▶ [PROVIDED DATA]
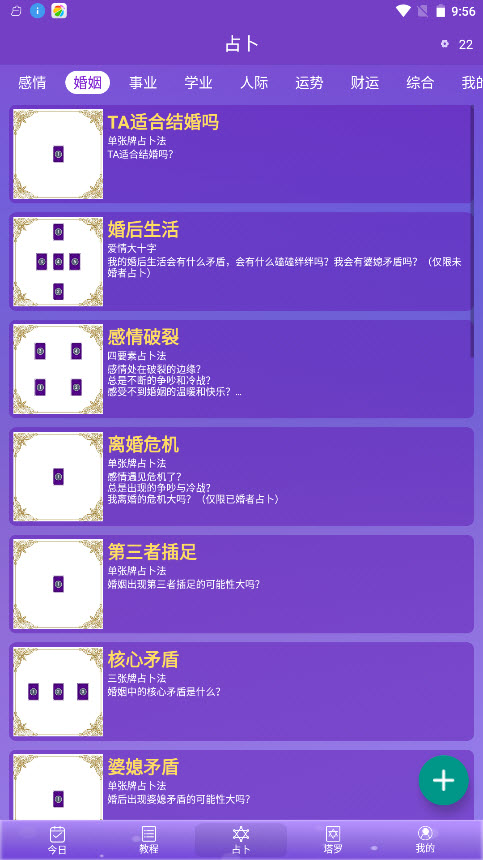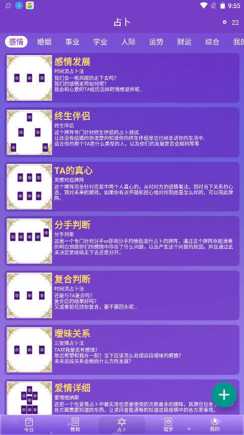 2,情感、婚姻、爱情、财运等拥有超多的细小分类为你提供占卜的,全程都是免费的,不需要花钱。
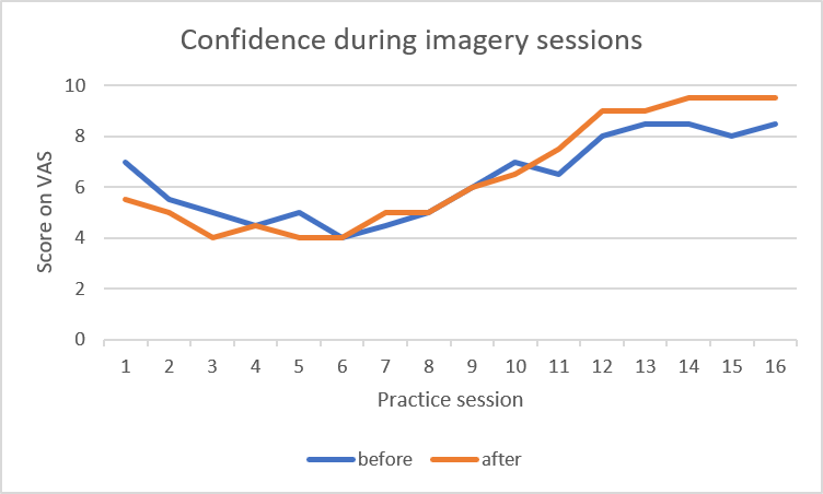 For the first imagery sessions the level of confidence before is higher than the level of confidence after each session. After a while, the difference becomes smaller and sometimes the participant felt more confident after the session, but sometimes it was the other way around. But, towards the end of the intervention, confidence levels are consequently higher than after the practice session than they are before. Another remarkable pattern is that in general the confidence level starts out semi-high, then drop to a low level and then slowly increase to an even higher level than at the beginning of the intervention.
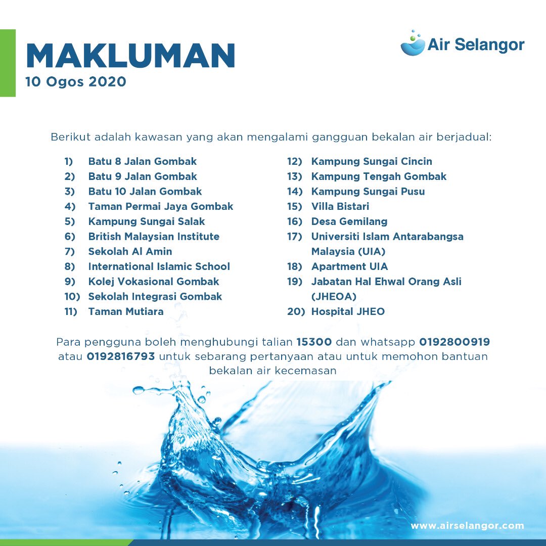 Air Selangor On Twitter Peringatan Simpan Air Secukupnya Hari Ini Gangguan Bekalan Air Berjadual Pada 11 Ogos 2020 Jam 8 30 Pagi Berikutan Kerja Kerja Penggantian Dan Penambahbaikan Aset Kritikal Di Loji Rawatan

▶ [EXERCISE DESCRIPTION]
Set down all the material exactly once more. No pictures.

▶ [SOLUTION FOR THIS EXERCISE]
 2,情感、婚姻、爱情、财运等拥有超多的细小分类为你提供占卜的,全程都是免费的,不需要花钱。
 For the first imagery sessions the level of confidence before is higher than the level of confidence after each session. After a while, the difference becomes smaller and sometimes the participant felt more confident after the session, but sometimes it was the other way around. But, towards the end of the intervention, confidence levels are consequently higher than after the practice session than they are before. Another remarkable pattern is that in general the confidence level starts out semi-high, then drop to a low level and then slowly increase to an even higher level than at the beginning of the intervention.
 Air Selangor On Twitter Peringatan Simpan Air Secukupnya Hari Ini Gangguan Bekalan Air Berjadual Pada 11 Ogos 2020 Jam 8 30 Pagi Berikutan Kerja Kerja Penggantian Dan Penambahbaikan Aset Kritikal Di Loji Rawatan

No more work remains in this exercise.